§ TASK REQUIREMENTS
Nothing but the lines below from the one that contains "This awesome dry" through the one that contains "В 1923 г. церковь" should be retyped, exactly and including both ends. Do not include pictures.

━━━ MATERIAL FOR THIS EXERCISE ━━━

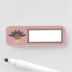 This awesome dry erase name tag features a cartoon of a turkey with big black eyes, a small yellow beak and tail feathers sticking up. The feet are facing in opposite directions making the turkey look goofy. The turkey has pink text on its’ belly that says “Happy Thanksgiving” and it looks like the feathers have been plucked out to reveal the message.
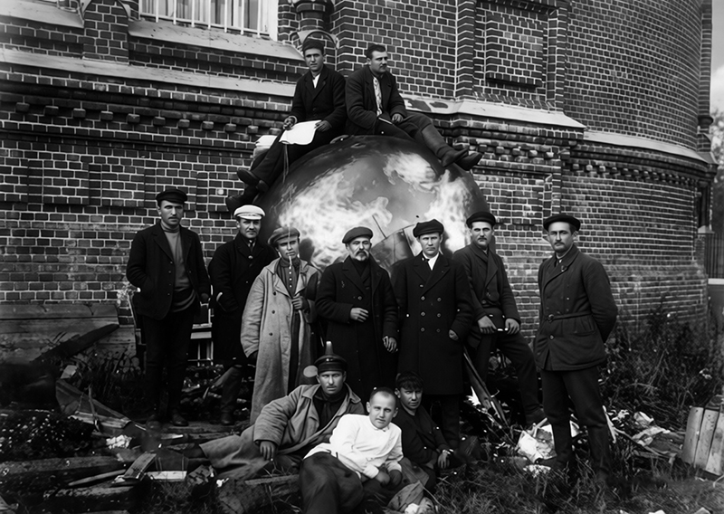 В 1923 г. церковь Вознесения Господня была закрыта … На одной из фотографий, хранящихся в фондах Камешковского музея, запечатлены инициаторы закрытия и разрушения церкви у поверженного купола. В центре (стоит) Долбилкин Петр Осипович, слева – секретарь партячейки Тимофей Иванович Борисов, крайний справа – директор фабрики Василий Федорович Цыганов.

━━━
━━━ MATERIAL FOR THIS EXERCISE ━━━

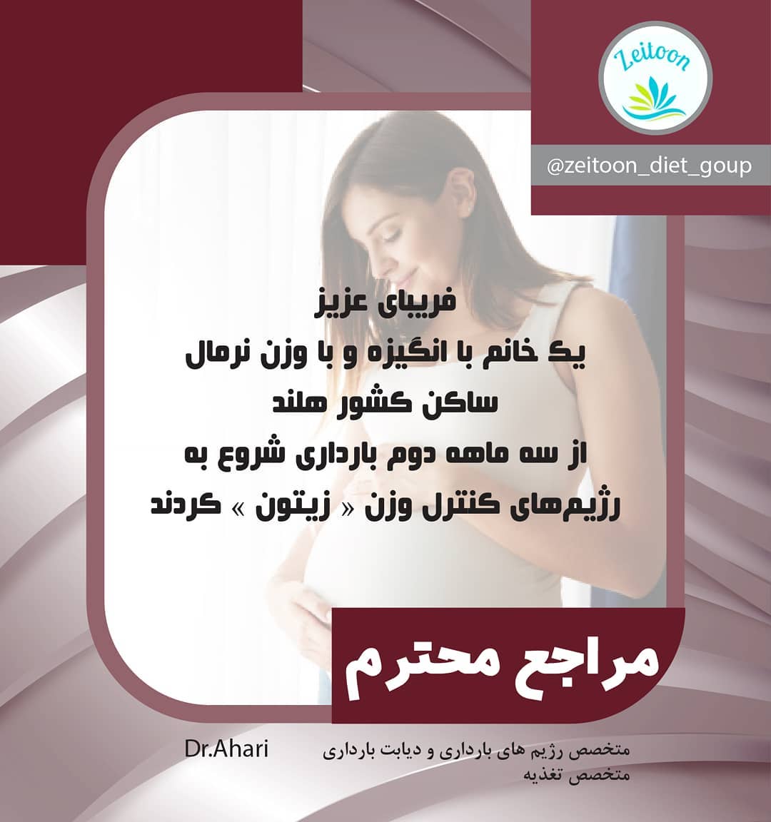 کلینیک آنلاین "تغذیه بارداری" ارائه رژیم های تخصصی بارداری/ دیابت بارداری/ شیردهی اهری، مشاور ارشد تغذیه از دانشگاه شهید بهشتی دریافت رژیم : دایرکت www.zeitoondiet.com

━━━
━━━ MATERIAL FOR THIS EXERCISE ━━━

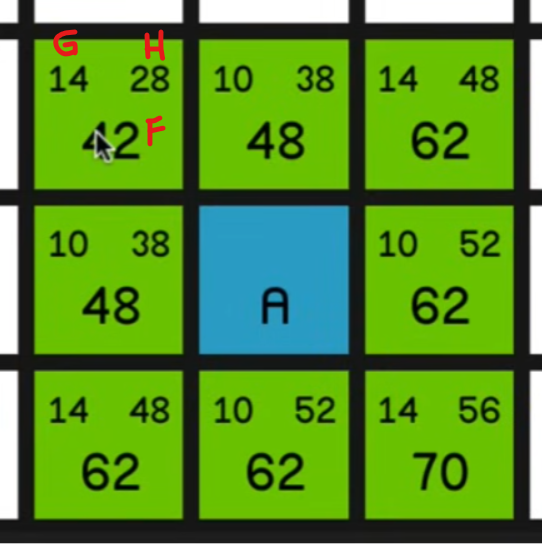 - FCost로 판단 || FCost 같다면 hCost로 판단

━━━

§ SOLUTION FOR THIS TASK
 This awesome dry erase name tag features a cartoon of a turkey with big black eyes, a small yellow beak and tail feathers sticking up. The feet are facing in opposite directions making the turkey look goofy. The turkey has pink text on its’ belly that says “Happy Thanksgiving” and it looks like the feathers have been plucked out to reveal the message.
 В 1923 г. церковь Вознесения Господня была закрыта … На одной из фотографий, хранящихся в фондах Камешковского музея, запечатлены инициаторы закрытия и разрушения церкви у поверженного купола. В центре (стоит) Долбилкин Петр Осипович, слева – секретарь партячейки Тимофей Иванович Борисов, крайний справа – директор фабрики Василий Федорович Цыганов.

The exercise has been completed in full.